PixNerd: Pixel Neural Field Diffusion
This addresses inefficiencies in image generation for AI researchers by offering a more efficient alternative to existing methods, though it appears incremental as it builds on neural field and diffusion concepts.
The paper tackled the problem of accumulated errors and decoding artifacts in diffusion transformers by proposing PixNerd, a single-stage method using neural field representation, achieving 2.15 FID on ImageNet 256x256 and 2.84 FID on ImageNet 512x512 without complex pipelines or VAEs.
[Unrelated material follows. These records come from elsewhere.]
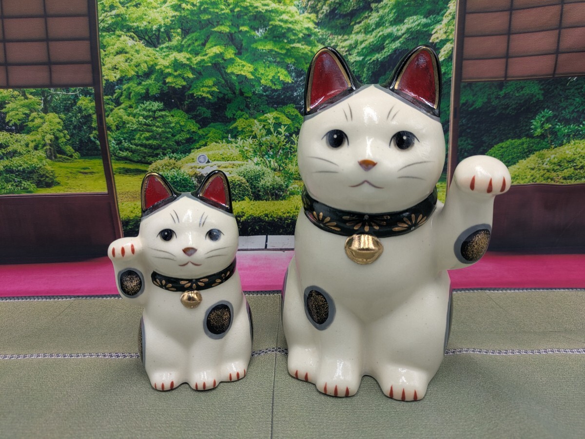 - 招き猫 陶彩菊花招き猫 緑右手上げ小 緑左手上げ大 2種セット 薬師窯
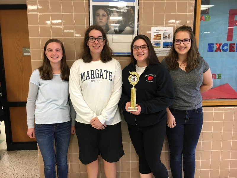 Saucon Valley High School students Emily Ackerman, Laura Gombocz, Sophia Israel and Alex Youse participated in the First Annual Husky Dog-Pound Challenge at Bloomsburg University on Tuesday, April 18. The students are members of Kim Flueso’s high school Entrepreneurship class.
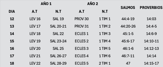 Es un plan de lectura de dos años que te permitirá leer el Nuevo Testamento y los Salmos una vez cada dos años.

The current success of diffusion transformers heavily depends on the compressed latent space shaped by the pre-trained variational autoencoder(VAE). However, this two-stage training paradigm inevitably introduces accumulated errors and decoding artifacts. To address the aforementioned problems, researchers return to pixel space at the cost of complicated cascade pipelines and increased token complexity. In contrast to their efforts, we propose to model the patch-wise decoding with neural field and present a single-scale, single-stage, efficient, end-to-end solution, coined as pixel neural field diffusion~(PixelNerd). Thanks to the efficient neural field representation in PixNerd, we directly achieved 2.15 FID on ImageNet $256\times256$ and 2.84 FID on ImageNet $512\times512$ without any complex cascade pipeline or VAE. We also extend our PixNerd framework to text-to-image applications. Our PixNerd-XXL/16 achieved a competitive 0.73 overall score on the GenEval benchmark and 80.9 overall score on the DPG benchmark.